I even have mini-panic attacks when I think about my 4 grandchildren. If I died tomorrow, would I have successfully passed on whatever knowledge and wisdom I want to give them? Have I made enough memories? Years from now, will they view me as a vibrant (yes, older!) woman who could get down on the floor and play with them or an old lady who lost her sense of excitement and wonder and got so decrepit she had no stamina? In my childhood, I had 2 grandmothers. My maternal grandmother was anorexic and lived most of the years I knew her in a state mental institution. My paternal grandmother lived with us in a dark room in the back of the house. She never came out for anything and I remember her arguing and crying when my Dad made her take her medicine. She could be quite scary. I don't want to be a scary old lady. I want to be an interactive, energetic, fun old lady.
Alas, the future is unknowable.
Getting older is frightening, exhilarating, anxiety-provoking, and definitely challenging. Dick Van Dyke in his book wrote that he once got to meet Fred Astaire. He asked Fred if he still danced, if he still did the things he always used to do. Fred’s answer was, yeah, but now it hurt.

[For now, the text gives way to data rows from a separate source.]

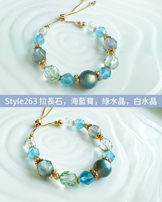 【#明月設計手鏈 Style 263】 拉長石,海藍寶,綠水晶,白水晶
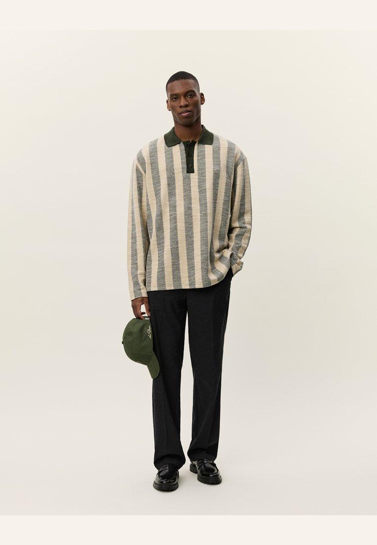 Небольшая этикетка на уровне груди. Воротник: рубашка поло.Материал и уход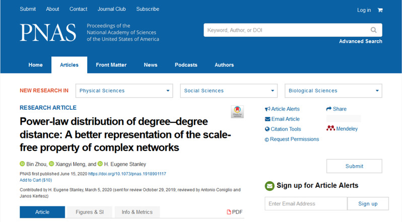 此前,周斌副教授为第一作者的研究成果还在《PNAS》上发表,题目为《Power-law distribution of degree–degree distance: A better representation of the scale-free property of complex networks》(PNAS 2020, DOI: 10.1073/pnas.1918901117),该刊影响因子为9.58(2019),安博体育手机版为论文的第一作者单位。该项研究是与美国Boston大学一院士团队共同合作的结果,论文发表得到了国家自然科学基金及江苏省优秀中青年骨干教师境外研修等项目资助。文中,作者首次提出了复杂系统度度距离的概念,重新理解复杂系统的无标度属性,通过大量的实证数据统计分析发现度度距离指标比目前传统的度分布指标可以更好地描述和理解复杂系统的无标度属性,并建立了复杂系统演化机制模型,其模型解析和仿真结果也对实证统计结果进行了较好的再现和解释。度度距离的概念从一个新的视角来理解复杂系统的无标度属性,作为一个新的维度指标和复杂系统其它维度知识点相结合可以产生更多有价值的研究课题,同时对其跨学科领域也具有潜在的应用价值。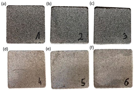 Samples produced with the following composition proportions: (a) PA5%/Al.95%, filler fraction 0.4–0.8 mm, (b) PA10%/Al.90%, filler fraction 0.4–0.8 mm, (c) PA15%/Al.85%, filler fraction 0.4–0.8 mm, (d) PA5%/Al.95%, filler fraction 0.8–1.2 mm, (e) PA10%/Al.80%, filler fraction 0.8–1.2 mm, (f) PA15%/Al.85%, filler fraction 0.8–1.2 mm.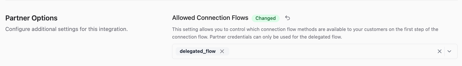 To make this flow available to your customers you need to include the delegated_flow in the Allowed Connection Flows on Settings tab of the tools page.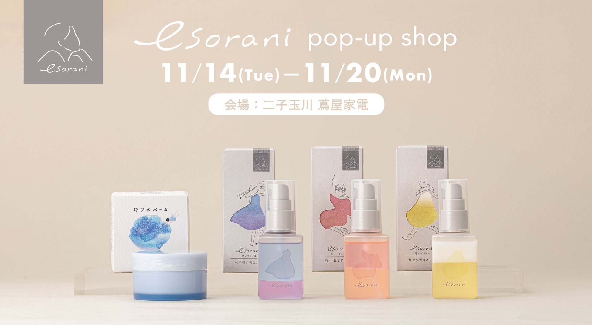 「esorani(エソラニ)」は、日本の四季や景色・伝統などから新しい着想を得ながら、“心と肌に心地よい”をテーマに作られたコスメブランドです。通常はオンラインでしか買えない「esorani」のフルラインアップを、たくさんの方にお試しいただきたく、「二子玉川 蔦屋家電」に期間限定で出店いたします。この機会にぜひ、香りや質感、肌触りやパッケージなどのこだわりが詰まった商品を、五感を通してお楽しみください。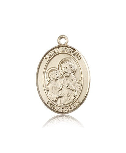 St. Joseph Medal This St. Joseph Pendant is made of 14 Karat Gold and is approximately the size of a quarter. The jewelry pendant is sold individually and does not come with a chain. All medals are gift boxed in a beautiful blue velvet hinged jewelry gift box.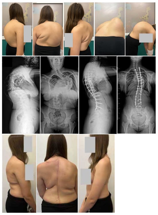The surgical intervention for patients in the G2 cohort was bifurcated into two stages. A refined version of the internal distraction techniques elucidated by Buchowski et al. [] and Skaggs et al. [], extensively expounded upon by Grabala and Helenius [], was implemented during the surgical intervention. In essence, during the initial procedure, akin to minimally invasive surgical strategies for the standard deployment of growing rods across the proximal thoracic and lower lumbar spinal levels, segmental screws were situated, accompanied by posterior column osteotomies, typically within the exposed upper and lower spinal regions. Subsequently, two titanium alloy rods (primarily with a 6.0 mm diameter) were subcutaneously positioned and interconnected to the segmental screws, facilitating synchronous initial correction under neuromonitoring (NM). Furthermore, the precise internal distraction of the deformed spine was achieved with the aid of NM. The definitive surgery was scheduled 2–6 weeks after the initial operation and encompassed posterior column osteotomies (PCOs) at the deformity apex, bilateral segmental pedicle screw placement, and ultimate correction utilizing two contoured 6.0 mm cobalt–chromium rods []. The curvature correction entailed a combination of techniques such as compression–distraction, rod cantilevering, and derotation. An example of a patient managed with lengthening instrumentation for the treatment of deformity (LITD) is presented in Figure 2.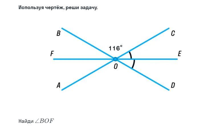 ∠ВОС + ∠СОD = 180° → 116° + ∠СОD = 180°, откуда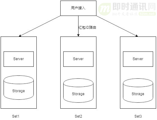 即将服务 Server 和对应的存储划分为一个单独的 Set,每个 Set 只处理对应划分单元内的流量,同时多个单元之间实现流量拆分和故障隔离,以及 Set 之间数据备份。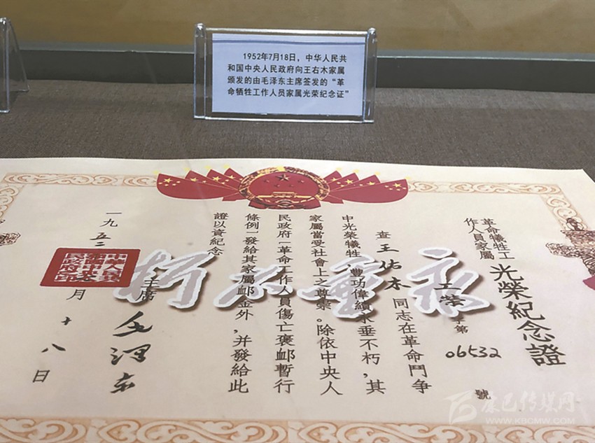 1952年7月18日,中華人民共和國(guó)中央人民政府向王右木家屬頒發(fā)的由毛澤東主席簽發(fā)的“革命犧牲工作人員家屬光榮紀(jì)念證”。 李睿 攝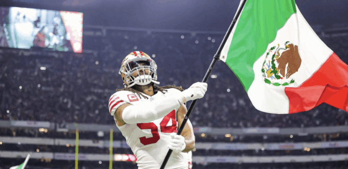 El 2 de octubre del 2020 se llevó a cabo en el Estadio Azteca el primer partido de temporada regular de la NFL en México, primero fuera de Estados Unidos. Fue un Sunday Night Football en que San Francisco 49ers se impuso 38-10 a Arizona Cardinals, una fiesta total en el escenario capitalino amenizada por el Grupo Firme.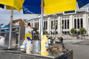 Cruzando la calle del estadio, el histórico Bronx Terminal Market es hogar de una variedad de restaurantes y tiendas. Una exhibición llamada “[R]Evolution of Hip Hop,” organizada por el Universal Hip-Hop Museum (cuya ubicación permanente actualmente se encuentra bajo construcción en el vecindario de Melrose), está programada para abrir en el mercado en mayo. Mientras tanto, los fans del hip-hop pueden dirigirse hacia el letrero de “Hip Hop Blvd” en 1520 Sedgwick Ave. Ahí es donde nació el hip-hop en 1973 cuando un DJ comenzó a rapear y tocar discos en una tornamesa para mantener a la gente bailando.
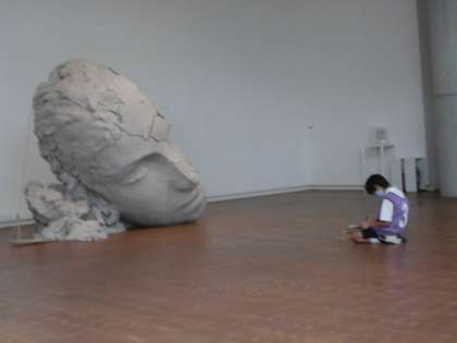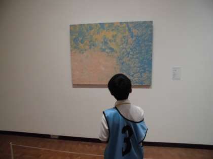 最初は、グループで鑑賞していた子どもたちですが、作品の世界にだんだん引き込まれていきます。10分もすると、自然と個人での鑑賞になっていきました。近くで見たり、離れてみたり、立体作品は後ろから鑑賞してみたりと、作品と対話していました。1時間程度と短い時間ではありましたが、子どもたちの色や形、イメージの深まり、広がりが感じられた時間でした。

At that doctor’s office that day, I saw some hope. I saw some elderly people who seemed to be coping with their aging journey well. In my mind, I pointed to each of them and said, “You are my role model; you are who I want to be when I get old.”
In my job as a transcriptionist, I hear a lot of dictations where the provider gives an opinion of what age means to them. I’ve heard a 75-year-old patient referred to as “middle-aged” and a 60-year-old patient described as “elderly.” I guess it all depends on where you’re coming from. I remember when our son Matt was about 3, which would make me about 31, I was cuddling with him in a chair, and I whispered, “Matt, will you take care of me when I get old?” Matt replied, “But you ARE old!” I was taken aback, but pulled myself together and asked, “If I’m old, what is Granny?” He said, “She’s VERY old.” I then brought up good old Aunt Bessie, who would have been in her 80s, I guess, and asked, “If all that’s true, then what is Aunt Bessie?” and Matt said without missing a beat, “She’s ALL old.” So there.
In the near future, I would like to expand the aging discussion to what it feels like to watch my spouse age, watch my Mom age, and watch my kids age, but for now, I am just astonished at watching myself age. I guess I’ll just keep turning the pages on my life’s story without ever knowing how many pages are left in the book. Thank God I’m still interested in how the adventure unfolds and enjoying the story along the way!